Dataset entries:
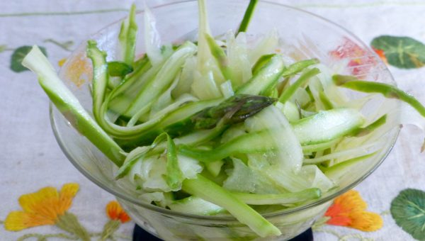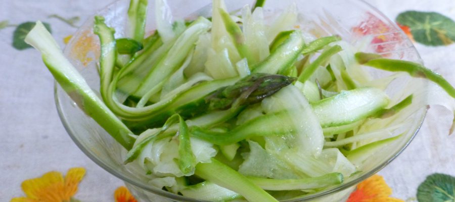 AIP/PALEO. Fräsch, krispig sallad med bara två ingredienser – hyvlad färsk sparris och fänkål. Dressing på olivolja och citron.
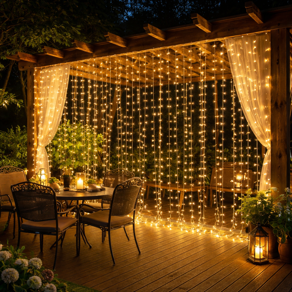 Designed to drape effortlessly through gardens, pergolas, and windows, it creates a warm, inviting atmosphere for evenings outdoors.
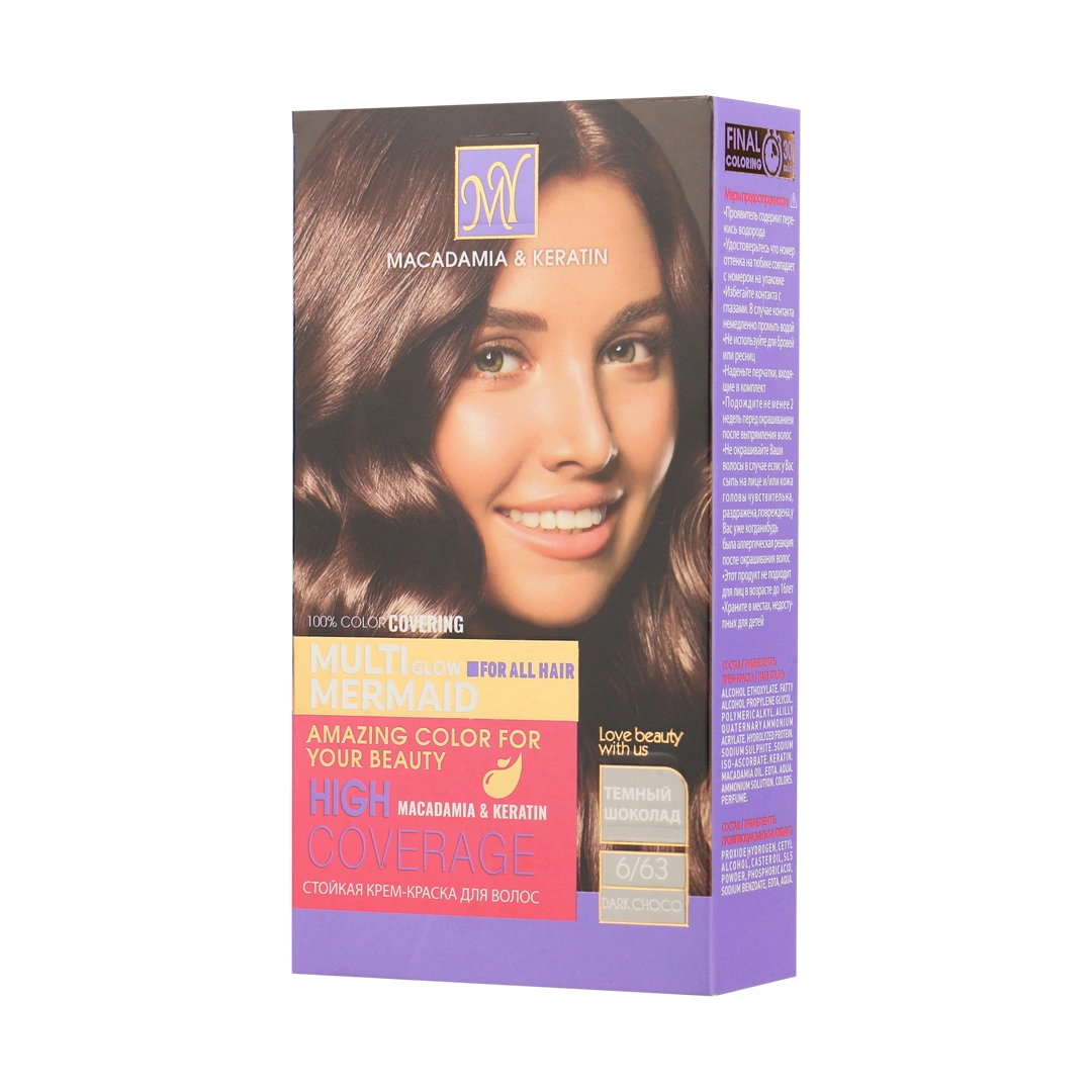 کیت رنگ مو مای حاوی کراتین هیدرولیز شده و روغن ماکادمیا است که به تقویت و محافظت از موها کمک میکند. این روغن منبع غنی ویتامین A است. وجود اسیدهای چرب در آن منجر به مرطوب شدن مو و جلوگیری از ریزش میشود.
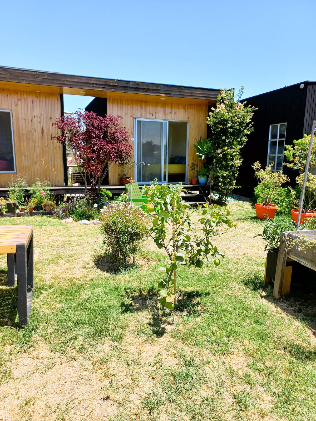 Our guest suite, ideal for singles or couples, is independent from our house and has a private entrance. The guest suite has a modern exterior and a comfortable interior. Our house is located on an old family farm near the beach (1.5 blocks to the beach). Our location is close to several beachside restaurants and bars. The little kitchen has a toaster oven, microwave, electric kettle and frigobar (small fridge) but does not have a cooktop. No es apropiada para niños menores de 7 años.
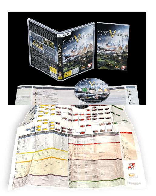 Civilization V (PC) with Tech Tree Reference Chart. This pre-owned PC game is in mint condition and complete with internal content as pictured. A beautiful collector’s bundle, refer photographs.
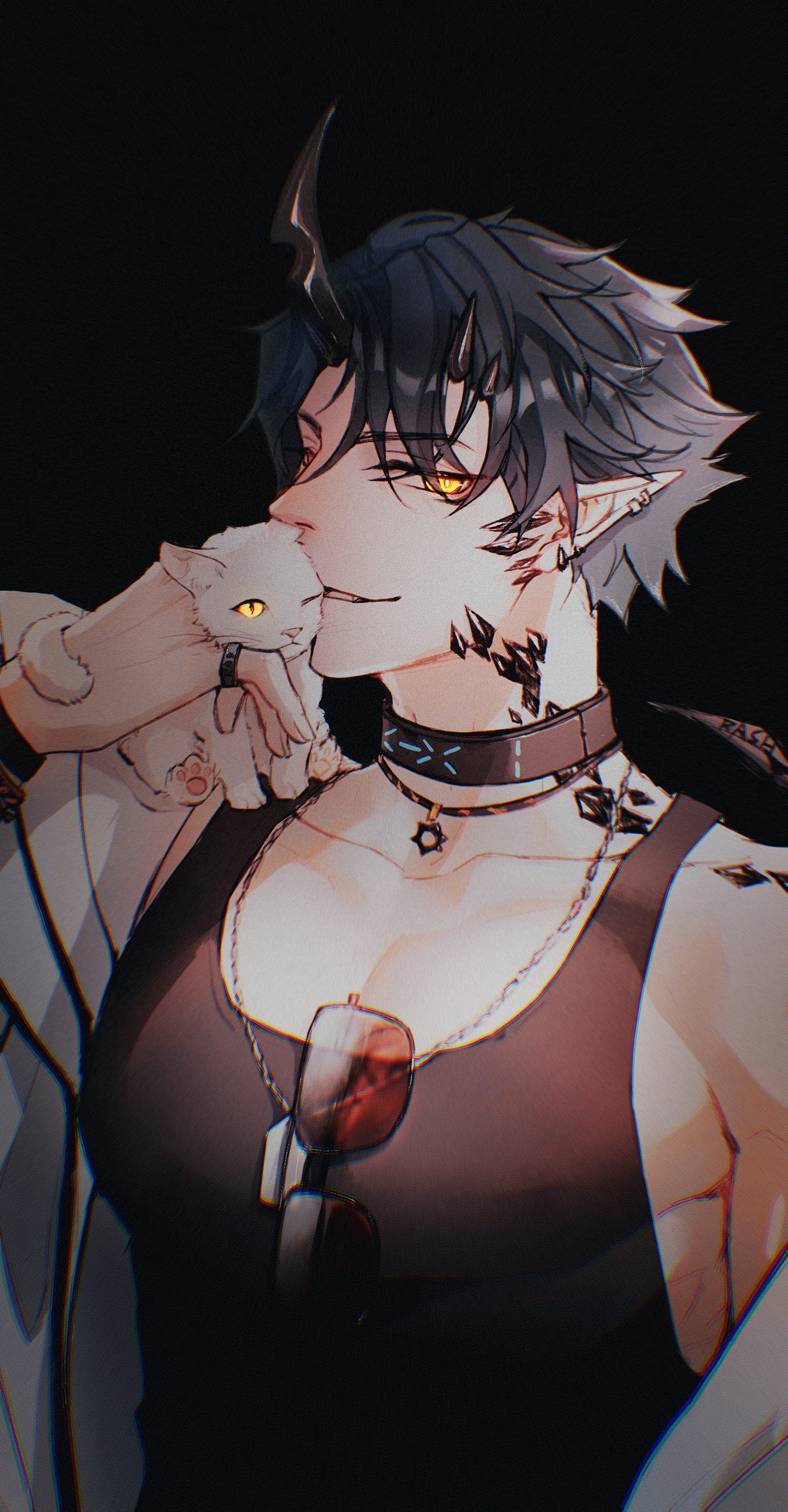 1923rash 1boy absurdres arknights bishounen black_background black_hair black_shirt cat eyebrows_hidden_by_hair eyewear_hang flamebringer_(arknights) flamebringer_(casual_vacation)_(arknights) highres horns infection_monitor_(arknights) jewelry kiss male_focus material_growth necklace orange_eyes oripathy_lesion_(arknights) pointy_ears ring shirt simple_background solo sunglasses tank_top toned toned_male unworn_eyewear upper_body white_cat
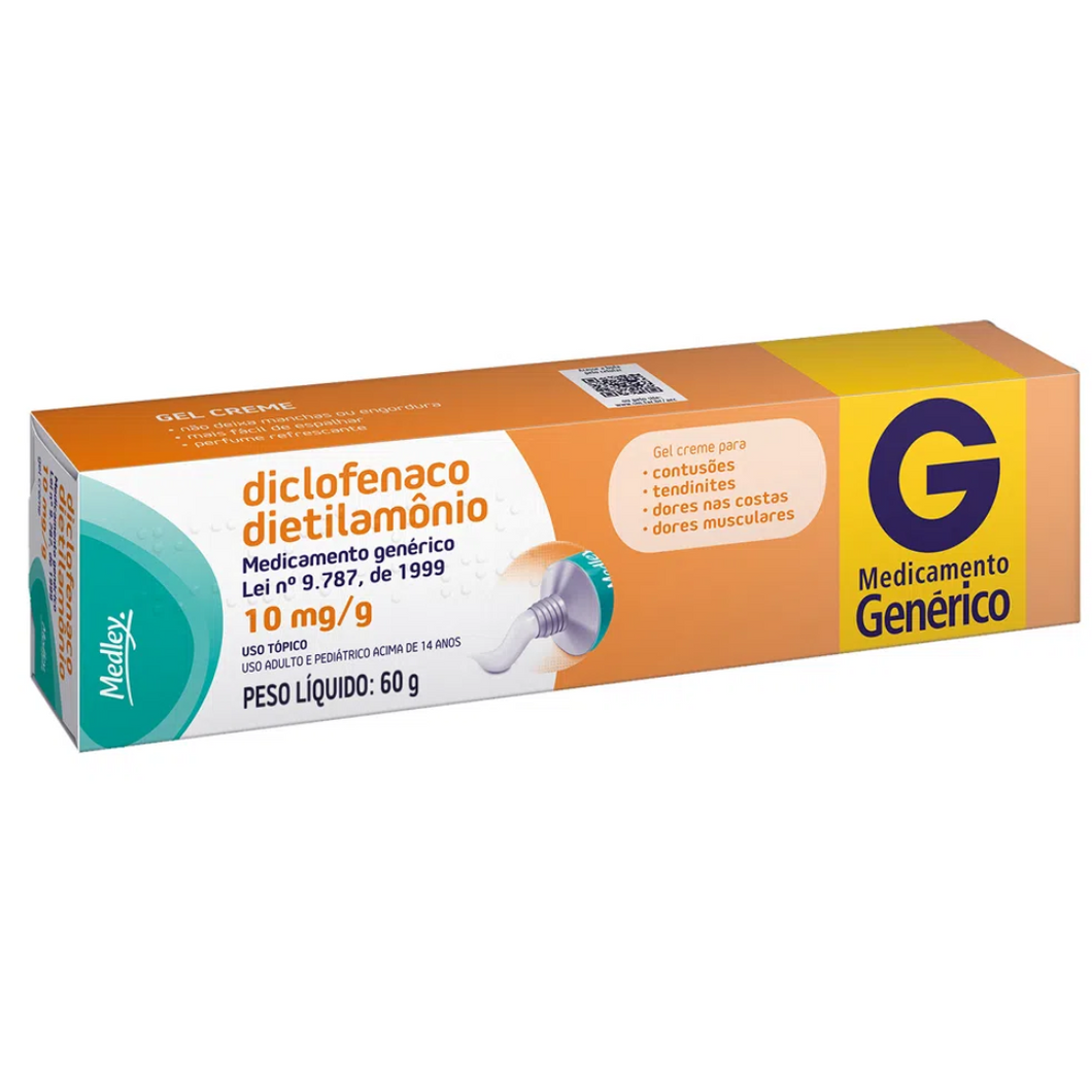 Medley Diclofenaco Dietilamônio 10Mg/G Gel Creme Com 60g. Analgésico e anti-inflamatório.

_REQUIRED ACTION_
Every line above should be copied exactly, apart from any pictures.

_ANSWER FOR THIS EXERCISE_
 AIP/PALEO. Fräsch, krispig sallad med bara två ingredienser – hyvlad färsk sparris och fänkål. Dressing på olivolja och citron.
 Designed to drape effortlessly through gardens, pergolas, and windows, it creates a warm, inviting atmosphere for evenings outdoors.
 کیت رنگ مو مای حاوی کراتین هیدرولیز شده و روغن ماکادمیا است که به تقویت و محافظت از موها کمک میکند. این روغن منبع غنی ویتامین A است. وجود اسیدهای چرب در آن منجر به مرطوب شدن مو و جلوگیری از ریزش میشود.
 Our guest suite, ideal for singles or couples, is independent from our house and has a private entrance. The guest suite has a modern exterior and a comfortable interior. Our house is located on an old family farm near the beach (1.5 blocks to the beach). Our location is close to several beachside restaurants and bars. The little kitchen has a toaster oven, microwave, electric kettle and frigobar (small fridge) but does not have a cooktop. No es apropiada para niños menores de 7 años.
 Civilization V (PC) with Tech Tree Reference Chart. This pre-owned PC game is in mint condition and complete with internal content as pictured. A beautiful collector’s bundle, refer photographs.
 1923rash 1boy absurdres arknights bishounen black_background black_hair black_shirt cat eyebrows_hidden_by_hair eyewear_hang flamebringer_(arknights) flamebringer_(casual_vacation)_(arknights) highres horns infection_monitor_(arknights) jewelry kiss male_focus material_growth necklace orange_eyes oripathy_lesion_(arknights) pointy_ears ring shirt simple_background solo sunglasses tank_top toned toned_male unworn_eyewear upper_body white_cat
 Medley Diclofenaco Dietilamônio 10Mg/G Gel Creme Com 60g. Analgésico e anti-inflamatório.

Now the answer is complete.